▶ **Records to use**

□ □ □ □ □

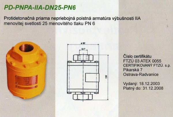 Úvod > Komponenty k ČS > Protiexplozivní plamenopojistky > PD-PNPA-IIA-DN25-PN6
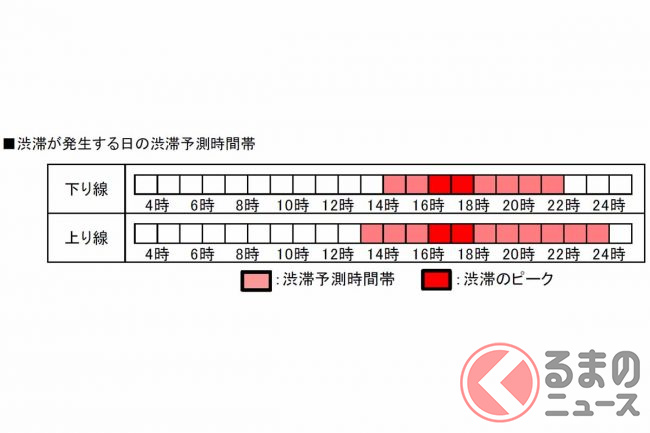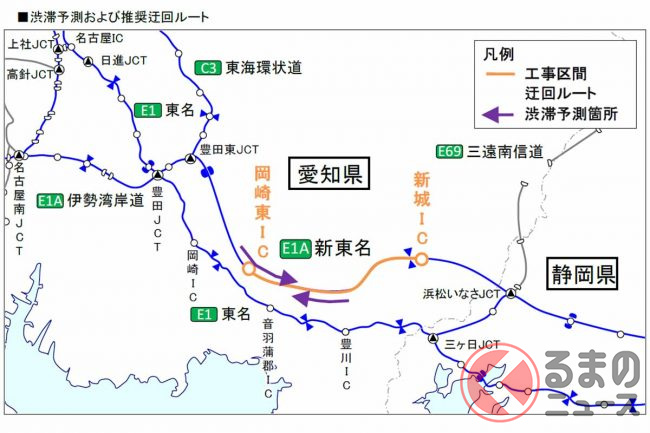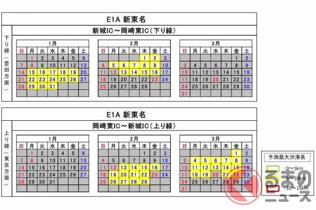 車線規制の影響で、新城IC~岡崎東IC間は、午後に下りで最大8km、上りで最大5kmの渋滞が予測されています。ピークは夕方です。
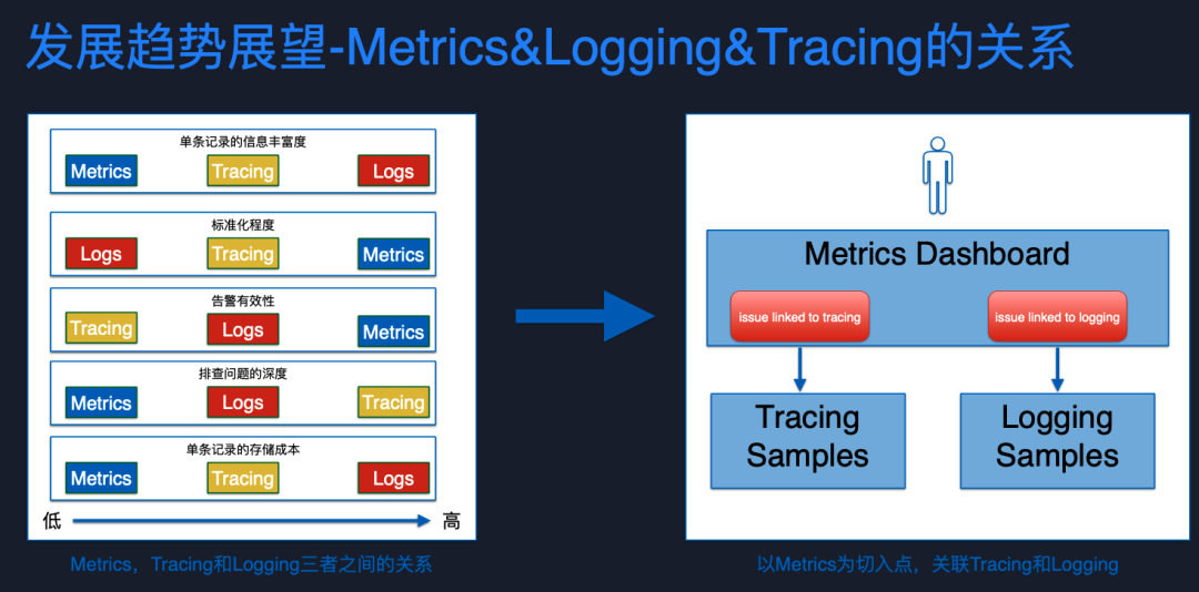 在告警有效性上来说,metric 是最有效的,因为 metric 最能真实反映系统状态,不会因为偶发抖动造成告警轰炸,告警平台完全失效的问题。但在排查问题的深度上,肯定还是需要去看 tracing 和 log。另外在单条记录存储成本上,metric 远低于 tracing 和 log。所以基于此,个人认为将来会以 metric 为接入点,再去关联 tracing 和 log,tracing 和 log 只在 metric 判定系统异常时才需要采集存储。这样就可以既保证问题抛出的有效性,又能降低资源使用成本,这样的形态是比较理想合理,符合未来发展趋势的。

□ □ □ □ □

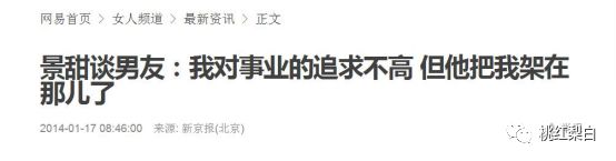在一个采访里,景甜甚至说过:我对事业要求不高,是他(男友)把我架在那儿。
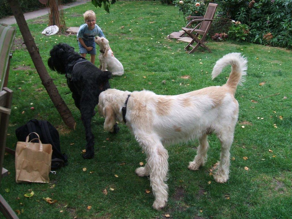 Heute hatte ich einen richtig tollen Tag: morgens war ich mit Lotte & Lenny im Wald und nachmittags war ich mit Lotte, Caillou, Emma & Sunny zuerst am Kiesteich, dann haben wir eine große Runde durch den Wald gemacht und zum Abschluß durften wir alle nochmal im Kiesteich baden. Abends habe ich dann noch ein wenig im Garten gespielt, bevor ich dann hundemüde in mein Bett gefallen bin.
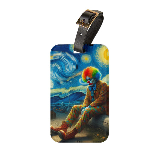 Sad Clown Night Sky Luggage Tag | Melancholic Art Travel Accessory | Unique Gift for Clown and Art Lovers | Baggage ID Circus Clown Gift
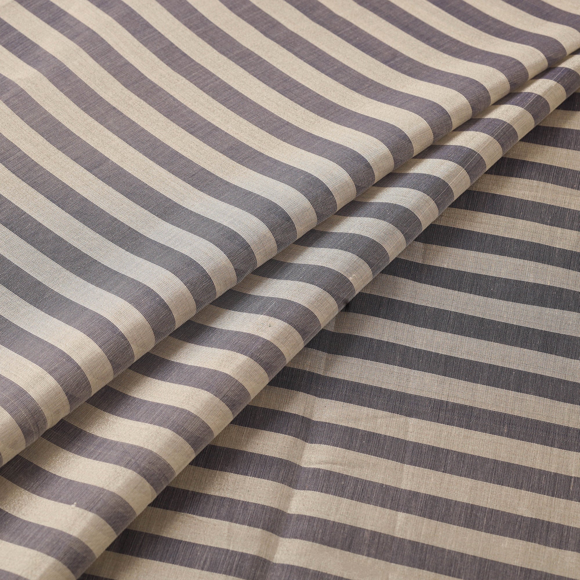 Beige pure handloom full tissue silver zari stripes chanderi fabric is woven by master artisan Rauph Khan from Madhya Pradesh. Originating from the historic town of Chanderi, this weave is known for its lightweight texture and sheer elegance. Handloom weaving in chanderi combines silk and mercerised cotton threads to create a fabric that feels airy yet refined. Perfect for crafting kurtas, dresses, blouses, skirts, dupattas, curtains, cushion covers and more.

□ □ □ □ □

From the data above, return only the lines starting at the line that holds "Úvod > Komponenty" and ending at the line that holds "在告警有效性上来说,metric 是最有效的,因为 metric", word for word and without pictures.

▶ **Answer to the problem**
 Úvod > Komponenty k ČS > Protiexplozivní plamenopojistky > PD-PNPA-IIA-DN25-PN6
 車線規制の影響で、新城IC~岡崎東IC間は、午後に下りで最大8km、上りで最大5kmの渋滞が予測されています。ピークは夕方です。
 在告警有效性上来说,metric 是最有效的,因为 metric 最能真实反映系统状态,不会因为偶发抖动造成告警轰炸,告警平台完全失效的问题。但在排查问题的深度上,肯定还是需要去看 tracing 和 log。另外在单条记录存储成本上,metric 远低于 tracing 和 log。所以基于此,个人认为将来会以 metric 为接入点,再去关联 tracing 和 log,tracing 和 log 只在 metric 判定系统异常时才需要采集存储。这样就可以既保证问题抛出的有效性,又能降低资源使用成本,这样的形态是比较理想合理,符合未来发展趋势的。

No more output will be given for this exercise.